A Python version of the Linux watch command

By Vasudev Ram



Watcher image attribution: Yours truly

Hi readers,

[ Update: A note to those reading this post via Planet Python or other aggregators:

Before first pulbishing it, I reviewed the post in Blogger's preview mode, and it appeared okay, regarding the use of the less-than character, so I did not escape it. I did not know (or did not remember) that Planet Python's behavior may be different. As a result, the code had appeared without the less-than signs in the Planet, thereby garbling it. After noticing this, I fixed the issue in the post. Apologies to those seeing the post twice as a result. ]

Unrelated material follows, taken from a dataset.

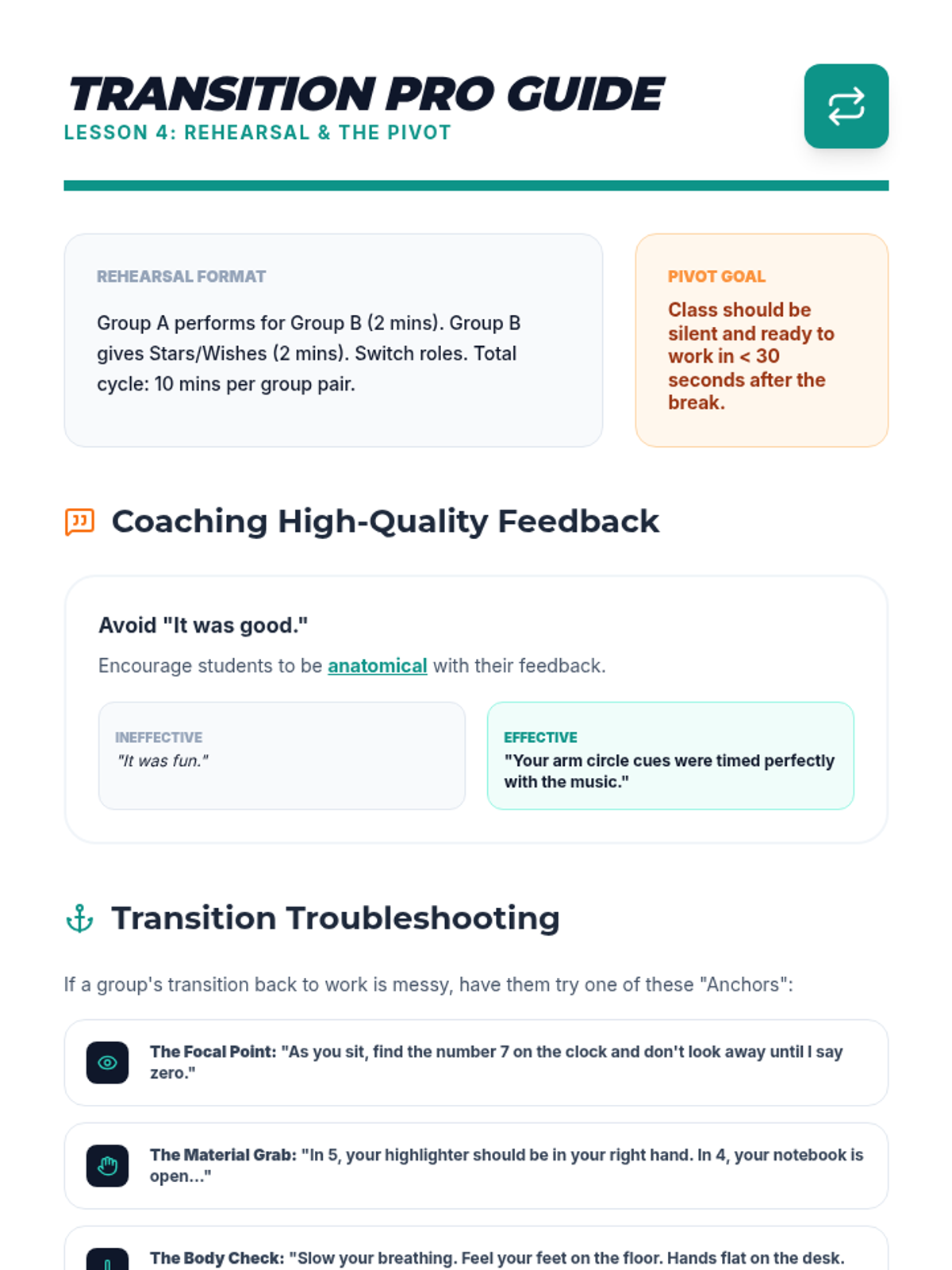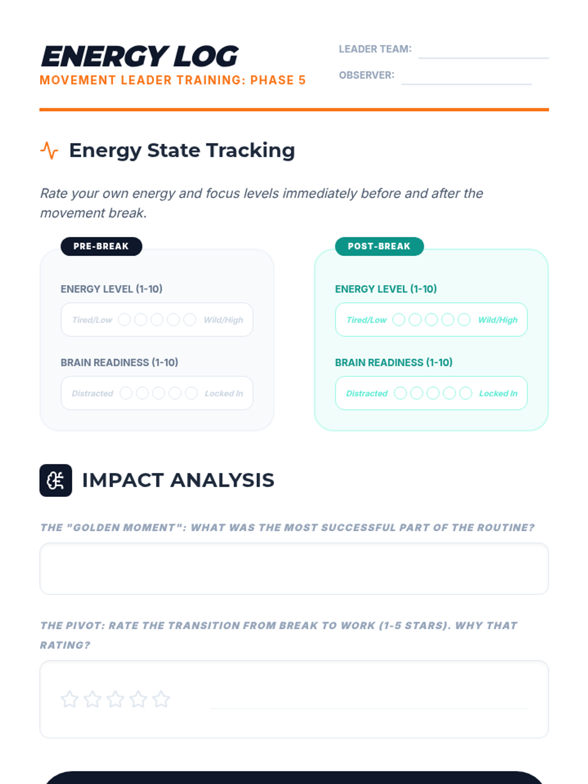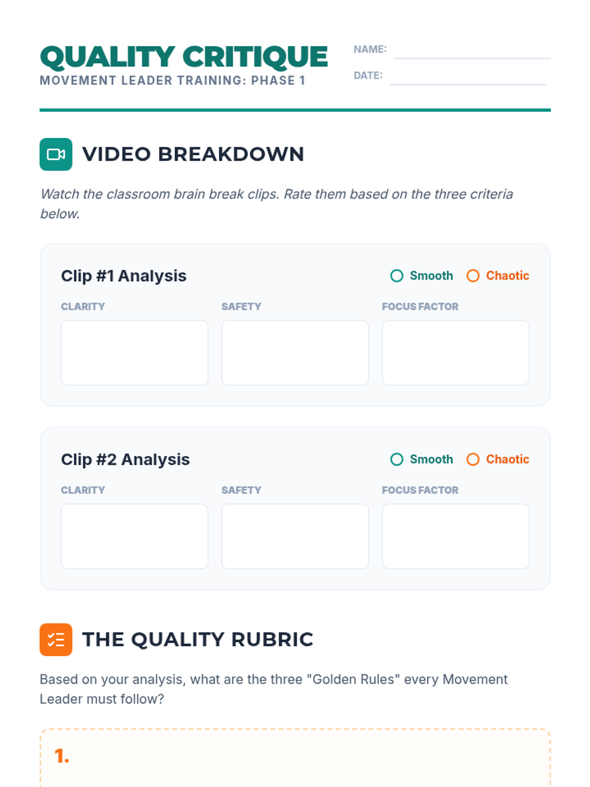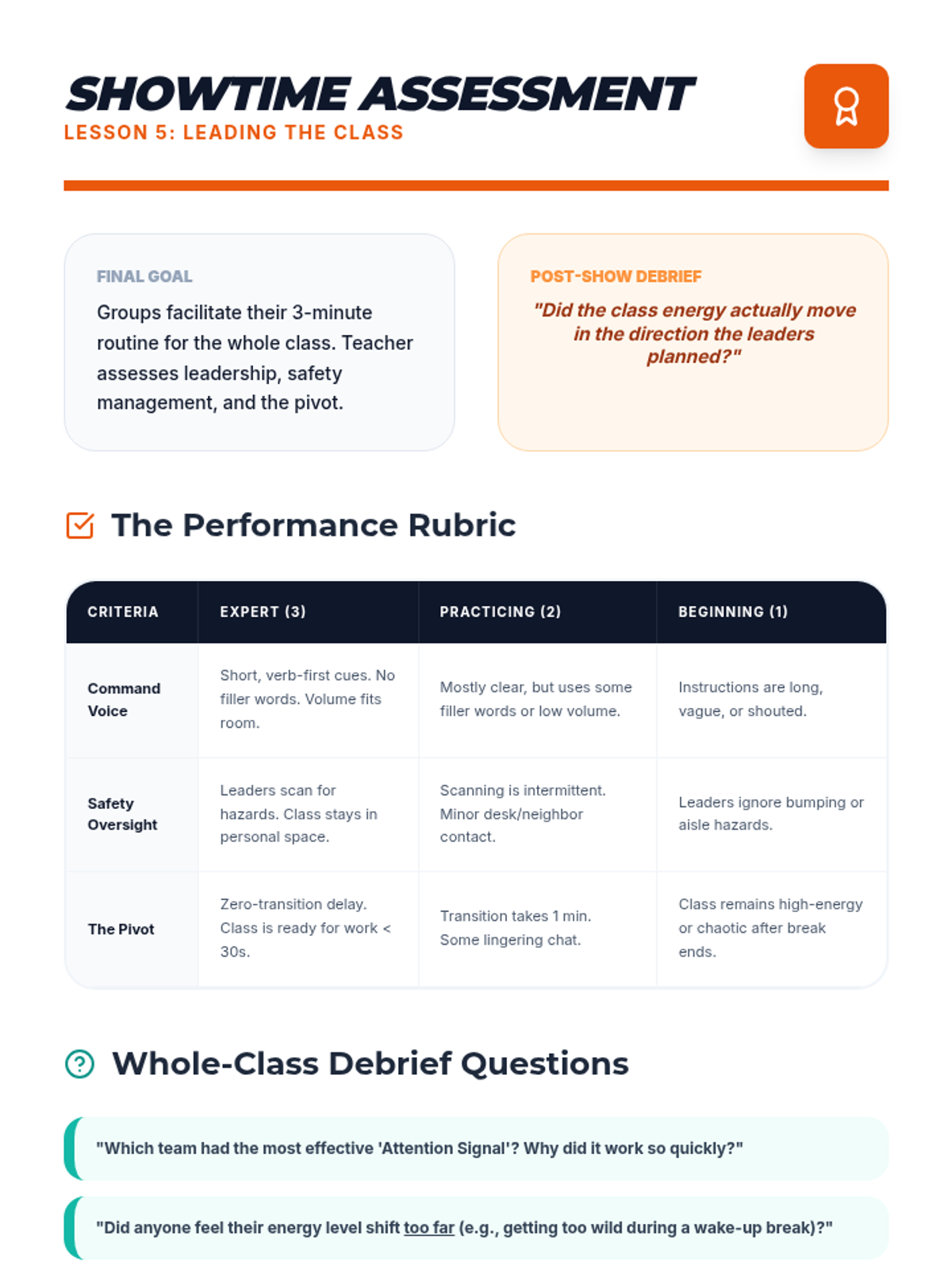 A project-based sequence where 5th graders become 'Movement Leaders', designing and facilitating classroom brain breaks that prioritize safety, engagement, and effective transitions. Students transition from analyzing routines to leading their peers in custom-designed movement sequences.

I was browsing Linux command man pages (section 1) for some work, and saw the page for an interesting command called watch. I had not come across it before. So I read the watch man page, and after understanding how it works (it's pretty straightforward [1]), thought of creating a Python version of it. I have not tried to implement exactly the same functionality as watch, though, just something similar to it. I called the program watch.py.

[1] The one-line description of the watch command is:

watch - execute a program periodically, showing output fullscreen

How watch.py works:

It is a command-line Python program. It takes an interval argument (in seconds), followed by a command with optional arguments. It runs the command with those arguments, repeatedly, at that interval. (The Linux watch command has a few more options, but I chose not to implement those in this version. I may add some of them [2], and maybe some other features that I thought of, in a future version.)

[2] For example, the -t, -b and -e options should be easy to implement. The -p (--precise) option is interesting. The idea here is that there is always some time "drift" [3] when trying to run a command periodically at some interval, due to unpredictable and variable overhead of other running processes, OS scheduling overhead, and so on. I had experienced this issue earlier when I wrote a program that I called pinger.sh, at a large company where I worked earlier.

[3] You can observe the time drift in the output of the runs of the watch.py program, shown below its code below. Compare the interval with the time shown for successive runs of the same command.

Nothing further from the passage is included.